Every entry must be transcribed exactly. Pictures are not part of the copy.

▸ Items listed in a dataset
□ □ □ □

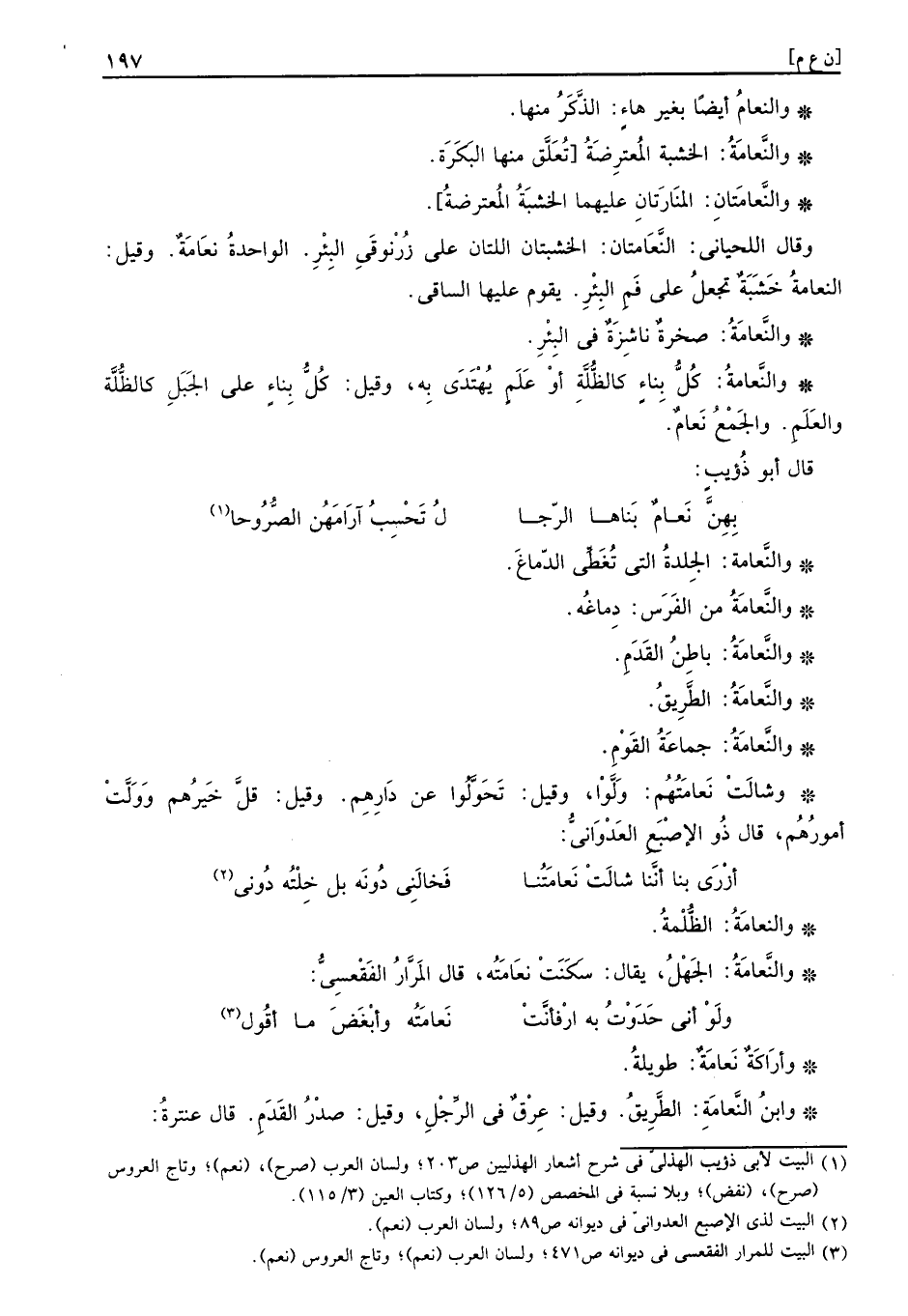والنَّعامَتانِ: المنارتان عَلَيْهِمَا الْخَشَبَة المعترضة. وَقَالَ اللحياني: النَّعَامتان: الخشبتان اللَّتَان على زرنوقي الْبِئْر. الْوَاحِدَة نَعامَةٌ. وَقيل النعامةُ خَشَبَة تجْعَل على فَم الْبِئْر. يقوم عَلَيْهَا الساقي.
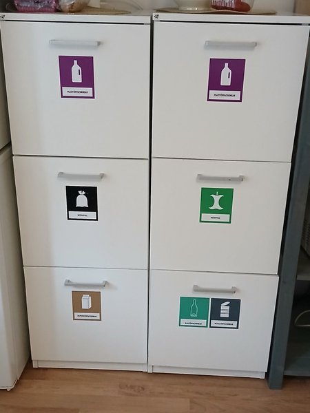 Praktisk sorteringsmöbel med lådor för olika typer av avfall: plastförpackningar, restavfall, matavfall, pappersförpackningar, glasförpackningar och metallförpackningar.
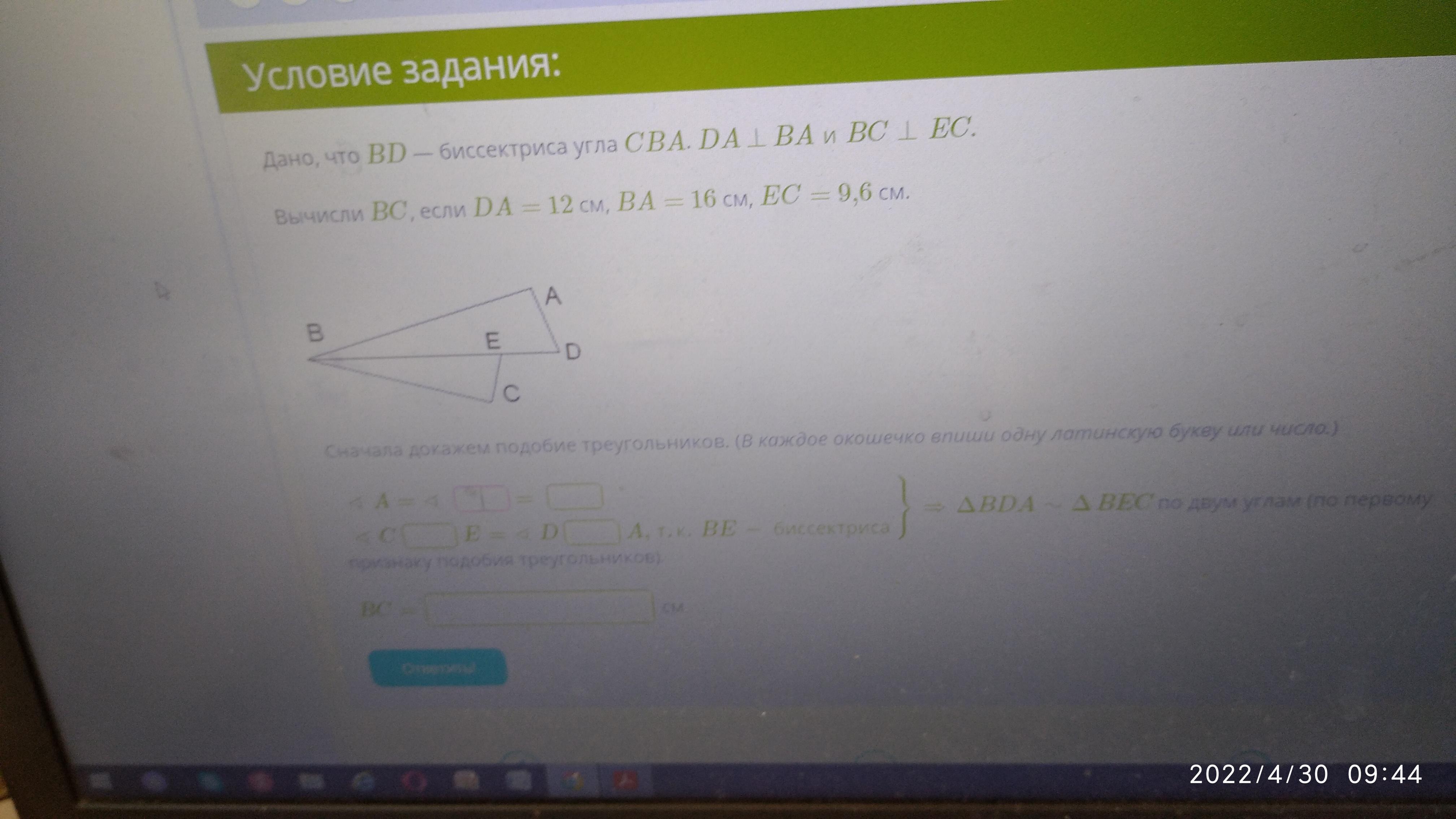BC = ( 9,6 * 16 )/12 = 12,8 ( см ) ; ВС = 12,8 см .
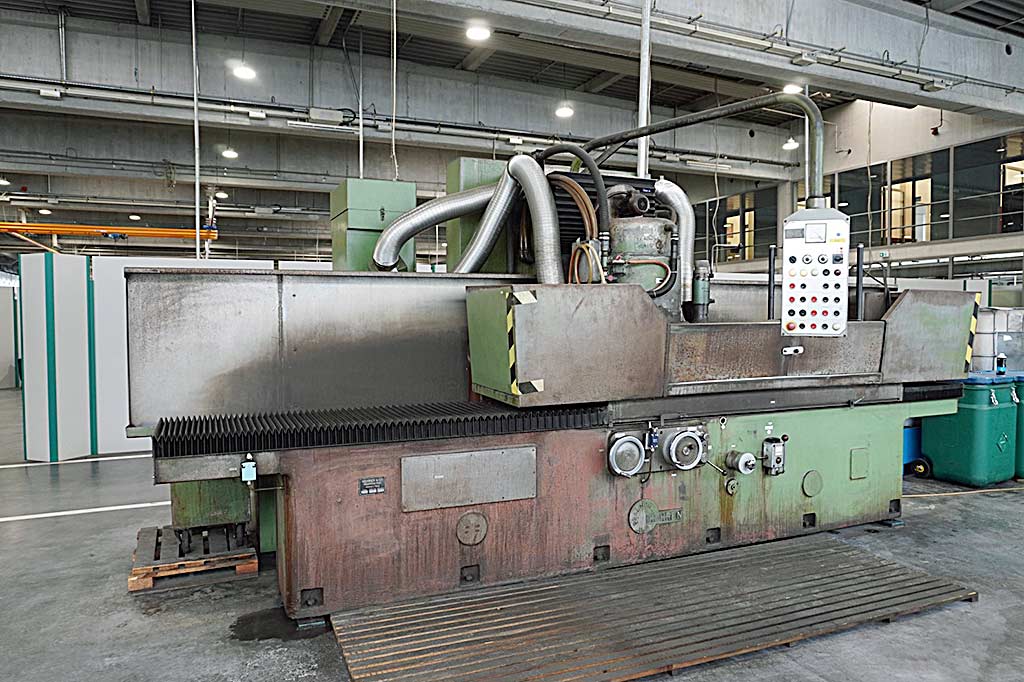 | Beschreibung Schleiflänge: 1500mm, Schleifbreite: 400mm, max. Arbeitshöhe: 500mm, Senkrechtbewegung: 520mm, Tischdimensionen X/Y: 1600mm/350mm, Tisch-Längsbewegung: 2050mm, Schleifsegmente: 12, Schleifsegmentdimensionen X/Y/Z: 80mm/25mm/150mm, Maschinendimensionen X/Y/Z: ca. 6100mm/2400mm/2250mm, Gewicht: ca. 8500kg. Dokumentation vorhanden. Eine Besichtigung vor Ort ist möglich. |
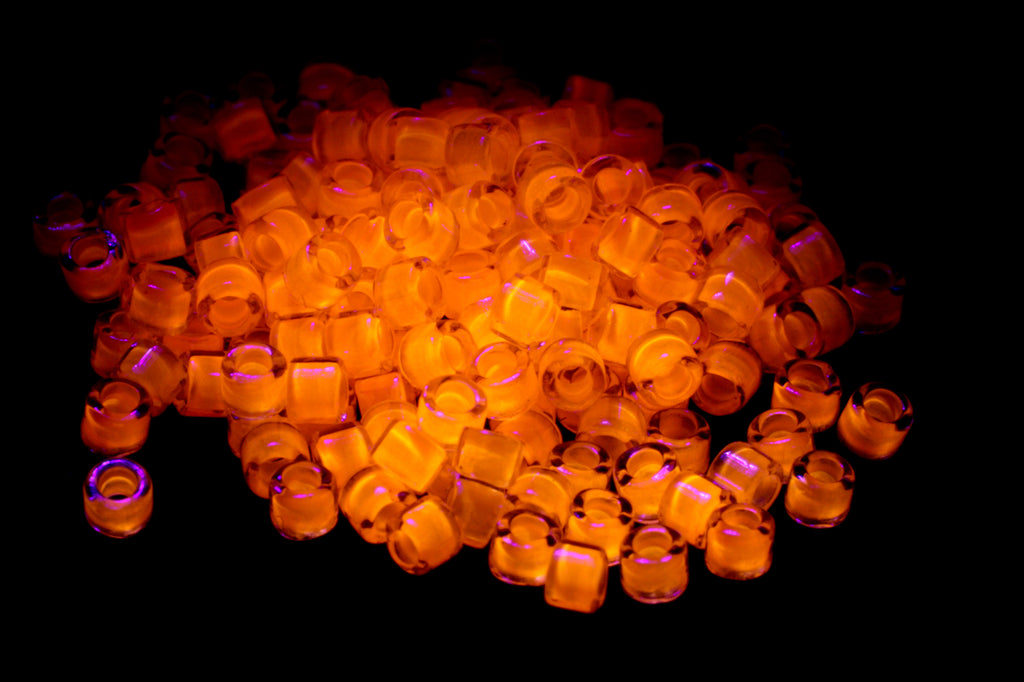 Size 11/0 luminous creamsicle cylinder seed bead.
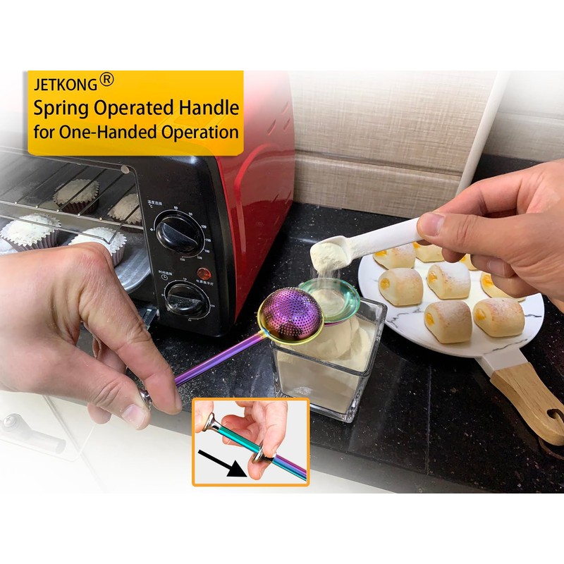 - STURDY AND WELL MADE - JETKONG sugar shaker duster is made of stiff food grade 304 stainless steel, the spring-operated handle and the round sifters welded together and rust-proof.
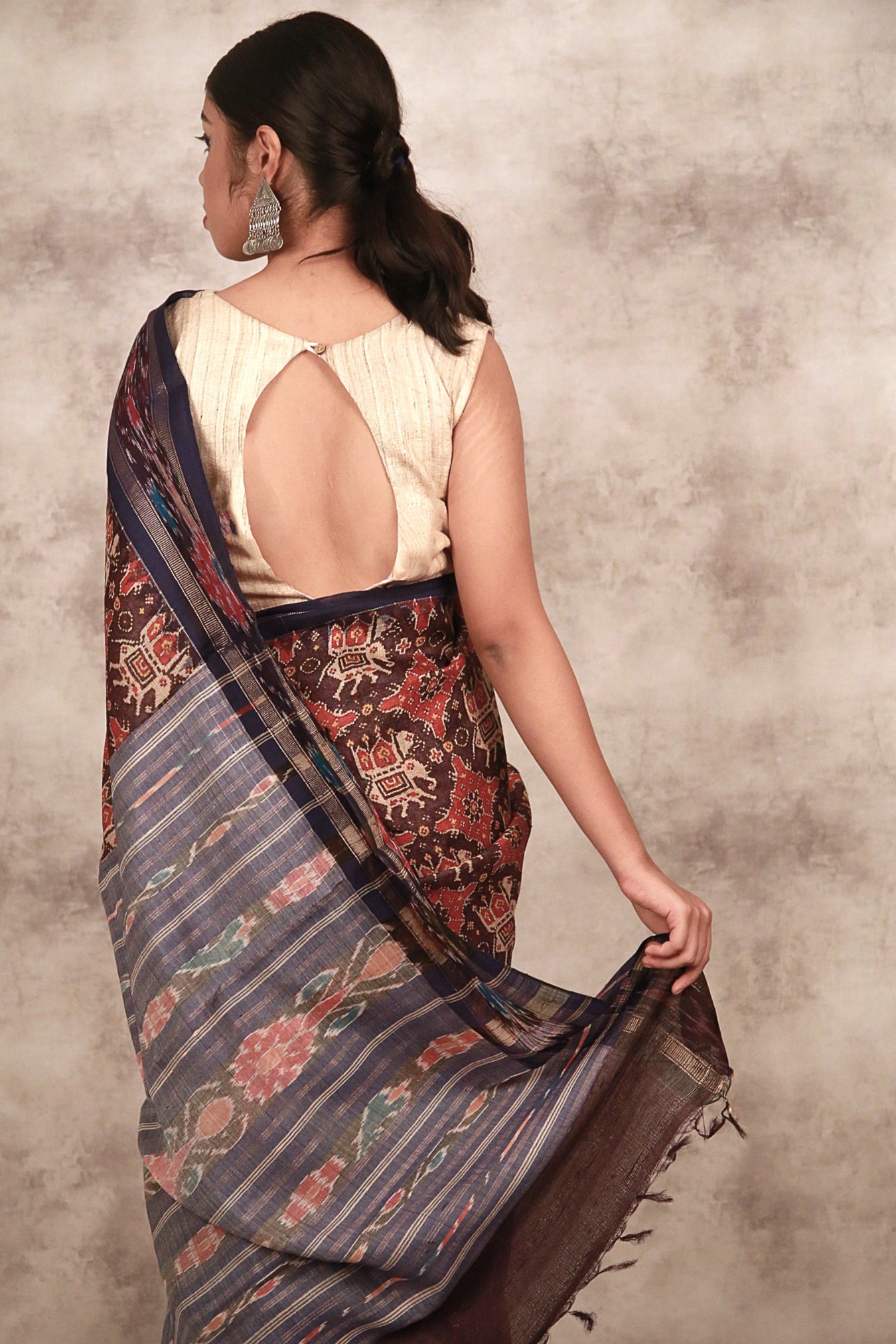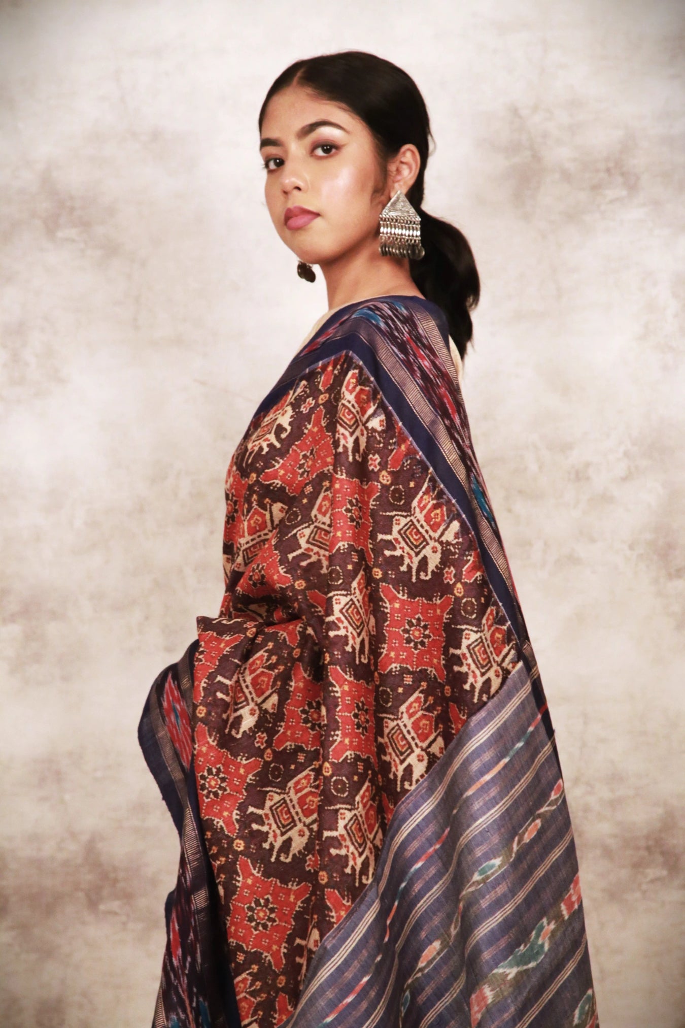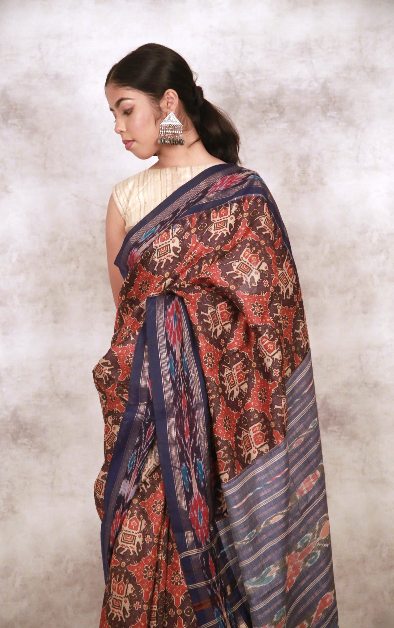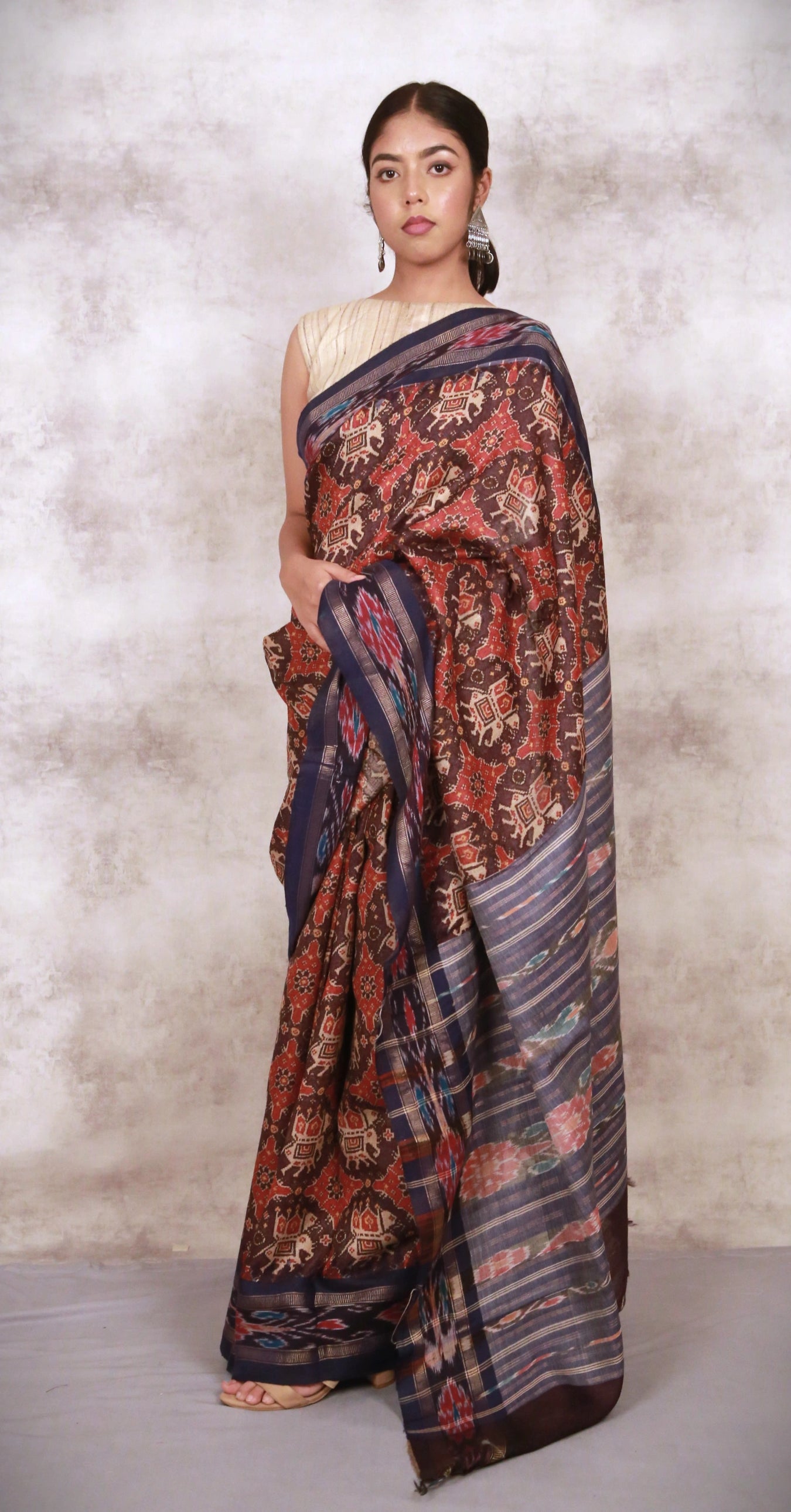 Size: 5.50Mtr B: 0.80MtrColor: Brown And Red With Navy Blue BorderFabric: Vidharbha Temple Handloom Tussar SareePattern and print: Elegance meets tradition in this Vidharbha handloom saree. Enhanced with a striking ikkat border, it exudes timeless charm. The scattered patola designs add a sophisticated touch, making it perfect for any special occasion. A testament to exquisite craftsmanship and refined style, this saree is a true masterpiece.Silk purity: Pure Tassur SilkPack contains: 1 Saree, 1 BlouseCare instructions: Dry wash

□ □ □ □

▸ SOLUTION TO THIS TASK
والنَّعامَتانِ: المنارتان عَلَيْهِمَا الْخَشَبَة المعترضة. وَقَالَ اللحياني: النَّعَامتان: الخشبتان اللَّتَان على زرنوقي الْبِئْر. الْوَاحِدَة نَعامَةٌ. وَقيل النعامةُ خَشَبَة تجْعَل على فَم الْبِئْر. يقوم عَلَيْهَا الساقي.
 Praktisk sorteringsmöbel med lådor för olika typer av avfall: plastförpackningar, restavfall, matavfall, pappersförpackningar, glasförpackningar och metallförpackningar.
BC = ( 9,6 * 16 )/12 = 12,8 ( см ) ; ВС = 12,8 см .
 | Beschreibung Schleiflänge: 1500mm, Schleifbreite: 400mm, max. Arbeitshöhe: 500mm, Senkrechtbewegung: 520mm, Tischdimensionen X/Y: 1600mm/350mm, Tisch-Längsbewegung: 2050mm, Schleifsegmente: 12, Schleifsegmentdimensionen X/Y/Z: 80mm/25mm/150mm, Maschinendimensionen X/Y/Z: ca. 6100mm/2400mm/2250mm, Gewicht: ca. 8500kg. Dokumentation vorhanden. Eine Besichtigung vor Ort ist möglich. |
 Size 11/0 luminous creamsicle cylinder seed bead.
 - STURDY AND WELL MADE - JETKONG sugar shaker duster is made of stiff food grade 304 stainless steel, the spring-operated handle and the round sifters welded together and rust-proof.
 Size: 5.50Mtr B: 0.80MtrColor: Brown And Red With Navy Blue BorderFabric: Vidharbha Temple Handloom Tussar SareePattern and print: Elegance meets tradition in this Vidharbha handloom saree. Enhanced with a striking ikkat border, it exudes timeless charm. The scattered patola designs add a sophisticated touch, making it perfect for any special occasion. A testament to exquisite craftsmanship and refined style, this saree is a true masterpiece.Silk purity: Pure Tassur SilkPack contains: 1 Saree, 1 BlouseCare instructions: Dry wash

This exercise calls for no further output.